China on May 31 officially announced the implementation of the three-child policy and relevant social support measures to further optimize childbirth policies.

China has progressively rolled out family planning policies for decades starting with the promotion of the one-child policy in 1980. Six years ago, it was modified with the introduction of the two-child policy.

According to the Seventh National Population Census conducted in 2020, as a result of the two-child policy, the proportion of children ages 0-14 increased from 16.6 percent to 17.95 percent in the past decade. The sex ratio of male to female at birth dropped from 118:100 in 2013 to around 111:100 in 2020.

China currently demands strong human capital to support economic transition. But the population has been rapidly aging in recent decades, a phenomenon which may lead to a labor shortage. It is estimated that senior citizens (aged above 60) will account for more than 30 percent of total population by 2035. The three-child policy may further curve the demographic crisis and play a role in social development on the basis of the two-child policy.

To assure an adequate social infrastructure for women and families, the government will move forward to comprehensively enhance the social insurance system.

Plans include promoting high-quality schools and equality in education, lowering the cost of education, improving leave and birth insurance policies, passing housing and tax reform, and providing birth allowances for parents who were single children of their original families and for rural families with two girls.
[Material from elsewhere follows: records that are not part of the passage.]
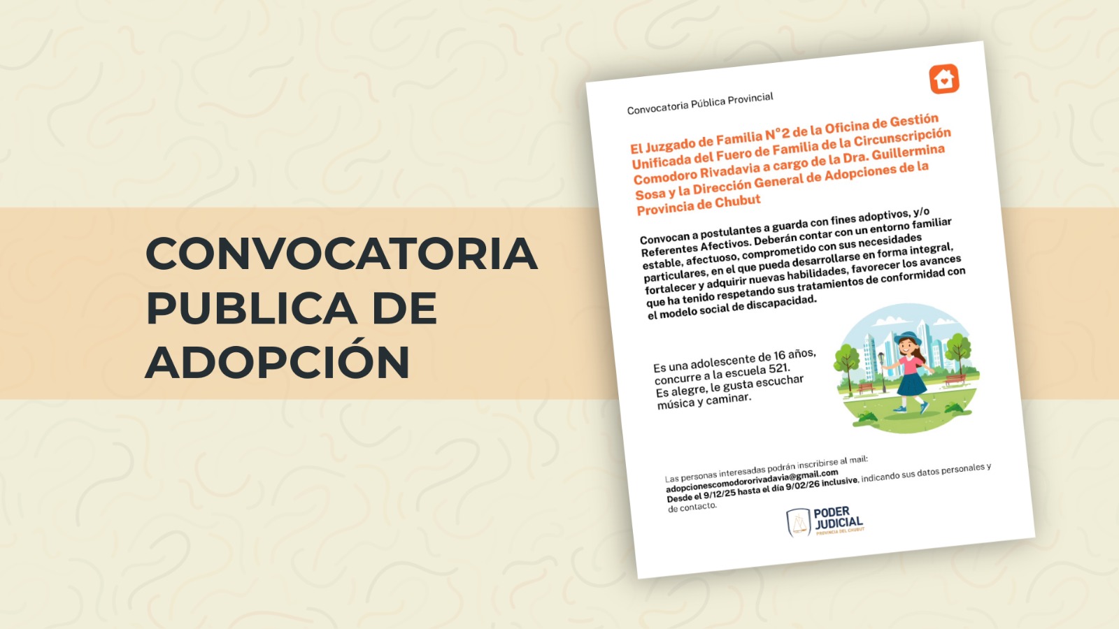 El Juzgado de Familia N° 2 de la Oficina de Gestión Unificada del Fuero de Familia de la Circunscripción Comodoro Rivadavia, a cargo de la Dra. Guillermina Sosa y la Dirección General de Adopciones de la Provincia de Chubut
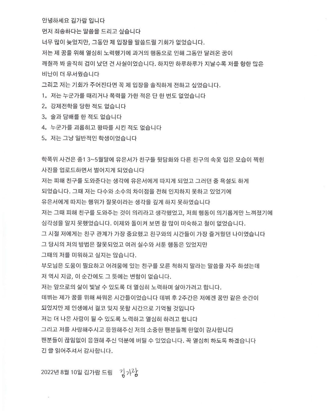 金佳藍也強調,當時只在乎朋友的關係以及義氣,並沒有想到其嚴重性,「現在想起來,真的很不成熟也不懂事!」儘管坦言自己當時的方法不正確,但她也並不想去討厭責怪當時的自己,「父母親經常說要幫助,不要對有困難的朋友裝不認識,我到現在此刻也沒有改變過這個想法」。最後金佳藍也對於「短暫」的出道表達感激,並且也向粉絲致謝。
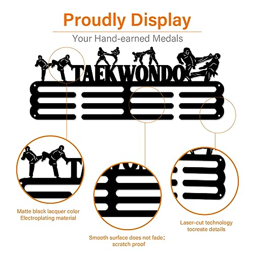 SUPERDANT Porta Medaglie Taekwondo Espositore Porta Trofei Taekwondo Appassionati di Taekwondo Sport Supporto A Parete in Metallo Senza Ganci può Sopportare 10-15 kg Nero
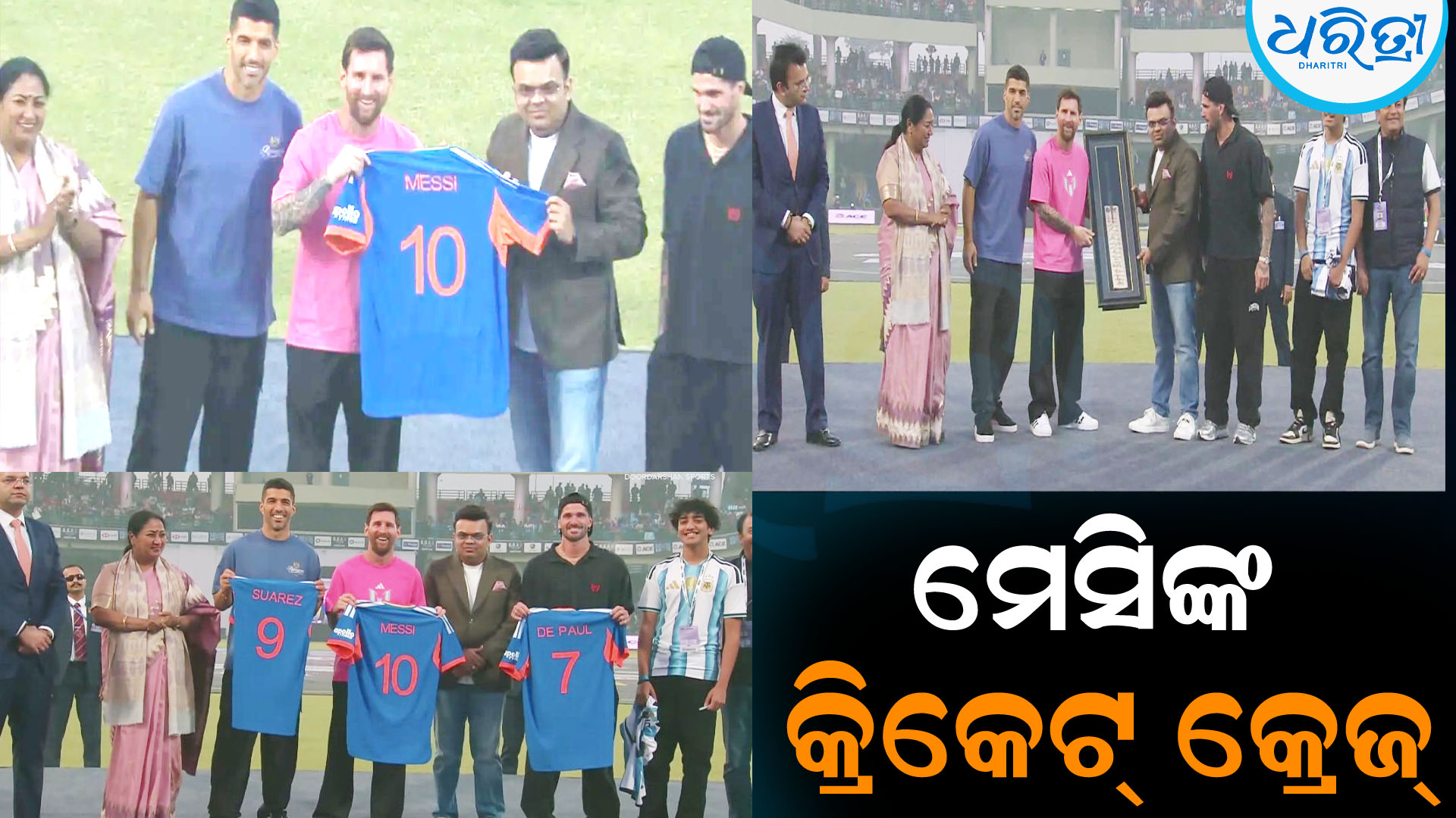 ନୂଆଦିଲ୍ଲୀ, ୧୫।୧୨: ଆର୍ଜେଣ୍ଟିନାର ଷ୍ଟାର ଫୁଟବଲ ଖେଳାଳି ଲିଓନେଲ ମେସି ତାଙ୍କ ଗୋଟ ଇଣ୍ଡିଆ ଟୁର୍ର ତୃତୀୟ ଦିନରେ ଦିଲ୍ଲୀରେ ପହଞ୍ଚିଛନ୍ତି। ଏହି କାର୍ଯ୍ୟକ୍ରମ ଦିଲ୍ଲୀର ଅରୁଣ ଜେଟଲି ଷ୍ଟାଡିୟମରେ ଅନୁଷ୍ଠିତ ହୋଇଥିଲା। ଆଇସିସି ସଭାପତି ଜୟ ଶାହା, ଡିଡିସିଏ ସଭାପତି ରୋହନ ଜେଟଲି ଏବଂ ଦିଲ୍ଲୀ ମୁଖ୍ୟମନ୍ତ୍ରୀ ରେଖା ଗୁପ୍ତା ଅରୁଣ ଜେଟଲି ଷ୍ଟାଡିୟମରେ ମେସିଙ୍କୁ ଭେଟିଥିଲେ। ଏହି କାର୍ଯ୍ୟକ୍ରମ ସମୟରେ ଜୟ ଶାହ ମେସି, ମୁଖ୍ୟମନ୍ତ୍ରୀ ରେଖା ଗୁପ୍ତା ଏବଂ ରୋହନ ଜେଟଲିଙ୍କୁ ଭାରତୀୟ କ୍ରିକେଟ ଦଳର ଜର୍ସି ପ୍ରଦାନ କରିଥିଲେ।
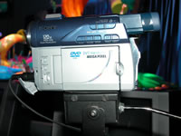 据え置き型のレコーダーに加えて、8cmディスクを使用するハンディカムの新製品が3種類登場する。DVDハンディカムの愛称で、デザイン、サイズは同社のDV方式のハンディカムを踏襲し、比較的コンパクトに仕上がっていた。ディスク装着面にDVDをイメージするデザインが導入されていることで、DVD方式のカメラであることがわかる。対応するディスクはDVD-RとDVD-RWの2種類で、記録時間は1時間を予定している。
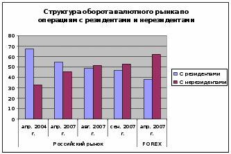Кроме того, в условиях валютной либерализации на конкурентоспособность биржевого рынка все большее влияние оказывает изменение структуры участников российского рынка. Снятие ограничений на движение международного капитала привело к существенному росту операций с нерезидентами на межбанковском рынке. Однако соответствующего расширения доступа на биржевой рынок не произошло: на нем по-прежнему могут работать только российские банки. Поэтому наблюдаемое на российском рынке резкое увеличение операций «резидент—нерезидент» ограничивает рост доли биржевого рынка, где подобные сделки невозможны.
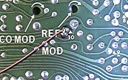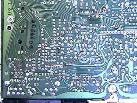 The receiver audio is obtained from the TOP OF VOLUME CONTROL, or TVC test point. The older MCX boards didnt have a TVC silkscreened onto the board, so you have solder your wire here. This closeup shows just where a piece of small wire ( red #30 wire wrap wire in this view) is soldered into the plate thru hole on the main board next to the triangle with a 10 next to it. The receive audio at this point is constant, and is squelched audio. This wire runs down towards the rear of the radio, to a cut jumper that leads to the 7 position options plug.
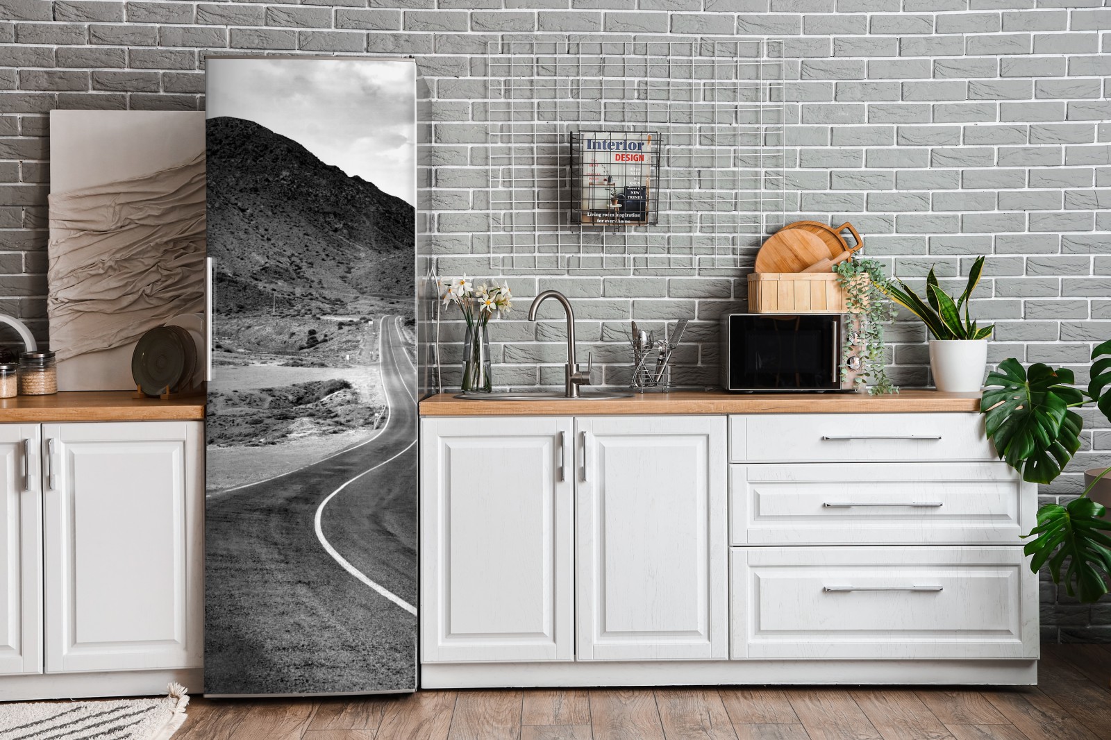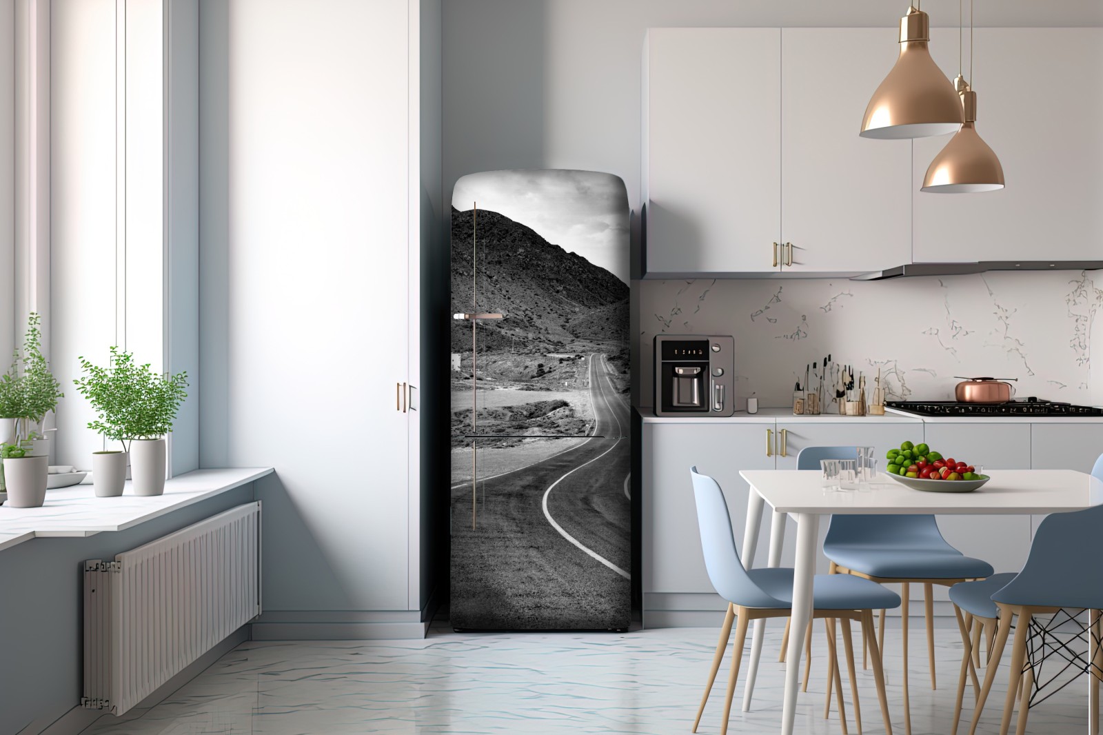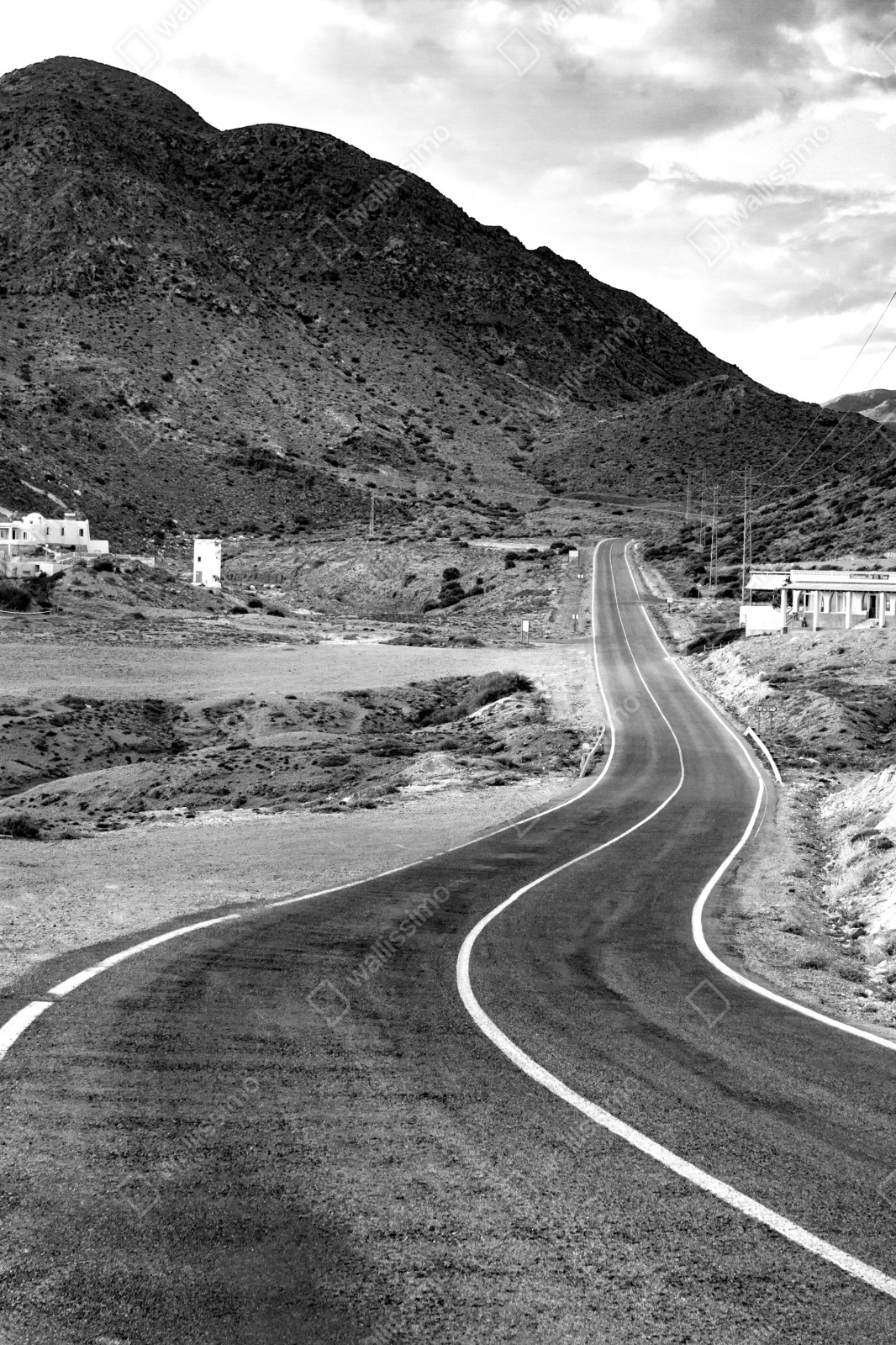 Bringen Sie ruhige monochrome Landschaft in Ihr Zuhause mit diesem eindrucksvollen Foto einer gewundenen Straße, ideal für minimalistische Einrichtungen und Reisefreunde.
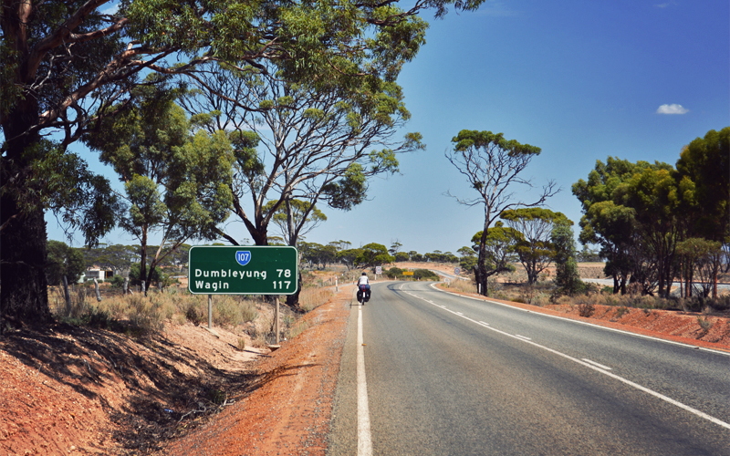 As we approach the turnoff to Kukerin I have my bike computer switched to its odometer setting. Every minute or two I look down, and as the numbers grow larger I get more anxious about the ones that follow.
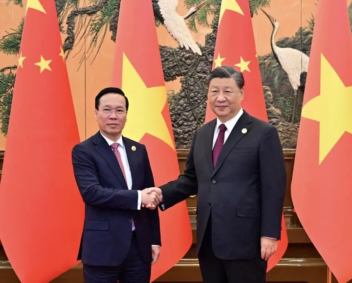 چینی صدر اور کمیونسٹ پارٹی آف چائنہ کی مرکزی کمیٹی کے جنرل سکریٹری شی جن پھنگ بیجنگ کے عظیم عوامی ہال میں ویتنام کے صدر وو وان تھونگ سے ملاقات کے دوران مصافحہ کررہے ہیں۔(شِنہوا)
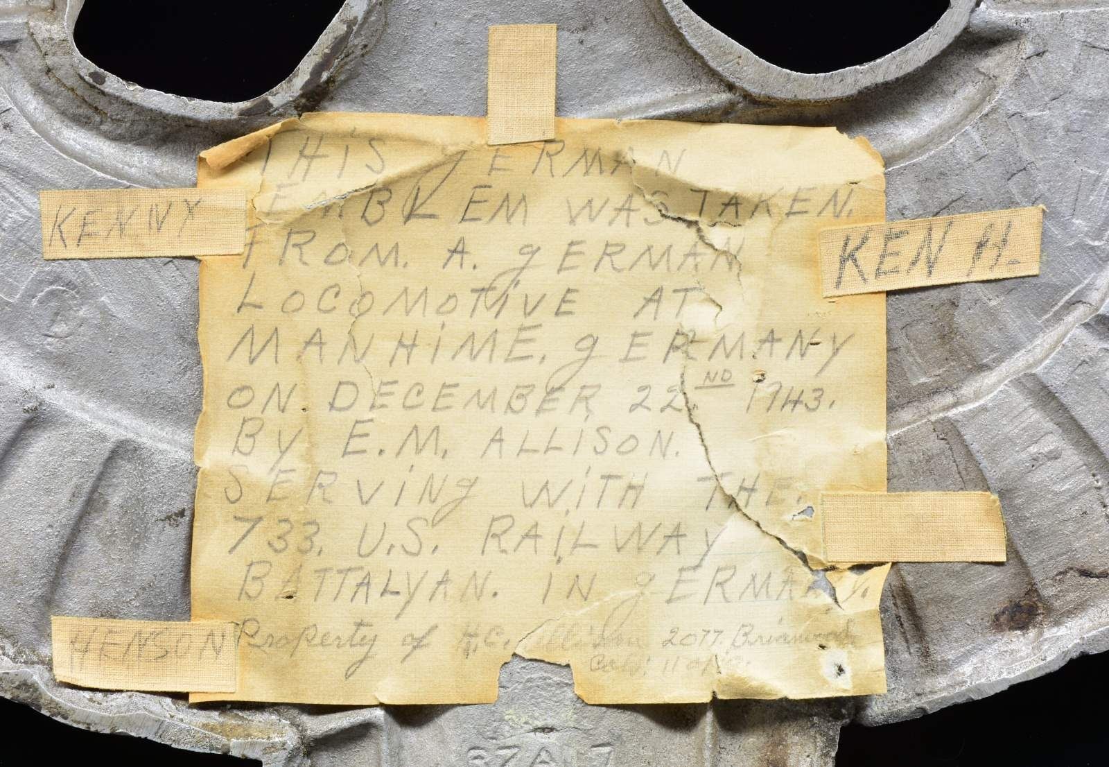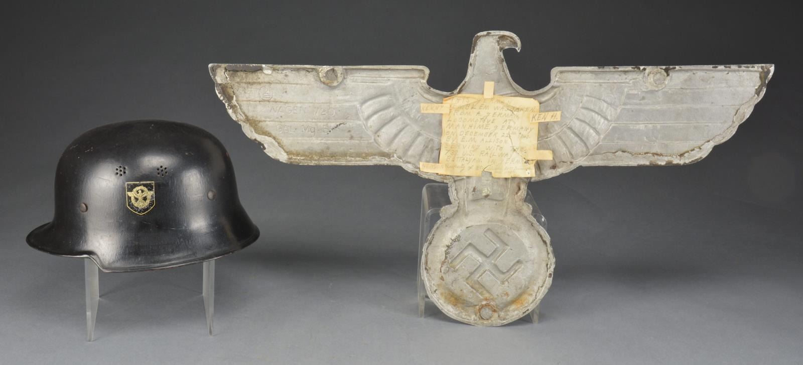 & MORE. 1) 2ND MODEL LUFTWAFFE DAGGER. Overall length: 17". Blade marked at the ricasso, “(knight’s head)WKC SOLINGEN”. Aluminum crossguard & pommel. Aluminum wire wrapped orange grip w/ portepee attached. Plated scabbard. CONDITION: blade shows original factory polish. Remainder of dagger shows light wear. 2) FIREMAN’S BAYONET. Overall length: 16". Single fullered, unmarked blade. Plated crossguard & pommel w/ 2 piece black composite checkered grips. Black enameled scabbard & black frog w/ fireman’s knot attached. CONDITION: blade shows original factory polish. Hilt & scabbard show light wear. Frog & knot show moderate wear. 3) CIVIL POLICE HELMET. A lightweight, double decal, black police helmet w/ two 7 hole vents on each side. Simple brown leather, 9 tongue liner w/ partial chinstrap. CONDITION: painted finish is 99%. Decals are 98%. Liner shows light wear except as noted. 4) POKER CHIPS. A group of 5 poker chips, 4 of which have Party symbols on both sides. CONDITION: light wear. 5) 4 POLICE PATCHES. Patches are for various precincts & are pink thread embroidered on black wool. CONDITION: patches show some moth damage. 6) MEDALS. 3 Award medal bar for a fireman including 2 pre-WWII Fire Service awards & an enameled WWII Fire Service Cross. / Single award medal bar w/ a gold plated Prussian 40 Year Fire Service medal. / 25 Year Fire Service medal. CONDITION: medals show light wear. Ribbons show moderate wear. 7) RAILROAD EAGLE. Lg. aluminum railroad locomotive eagle w/ a width of 28 3/4" & 15 1/2" in height. The rear of the eagle marked, “WAGEN 720 GAL-Mg-Si”. There is capture paperwork stuck to the back of the eagle stating in part that the eagle was captured December 22, 1943 by E.M. Allison. CONDITION: eagle has a distinctive casting & shows light wear overall. 8) BOOK. A loose leaf book on 3rd Reich railroad car eagles. CONDITION: like new. (02-13988/BF). $1,300-2,000.
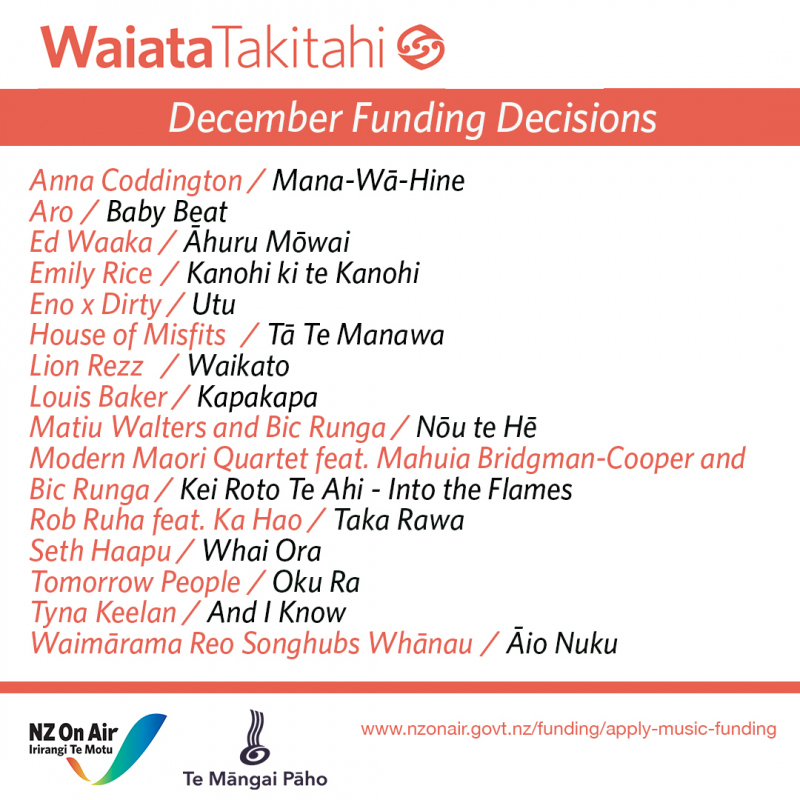 NZ On Air Music and Te Māngai Pahō have announced the recipients of their initial round of Waiata Takitahi – the new co-fund collaboration between the funding agencies for songs with a minimum of 25% te reo Māori lyrics.

For example, starting from 2021, Shanghai has become the second region in China after a few cities in Guangdong, to provide unmarried women with maternity insurance.

But some still forecast challenges despite the growing progress in birth policy.

“With the new birth policy, women in the workplace will have more limitations in career advancement, since employers will take their birth status into consideration,” said Zhang Jun from Shaanxi Gender Development Solution.

Women are marrying and giving birth older, and more women choose not to get married at all. Registered marriage went from 13.4 million in 2013 to 8.13 million in 2020, a 40-percent decrease. Some are also less willing to have children, citing reasons such as “heavy economic burdens.”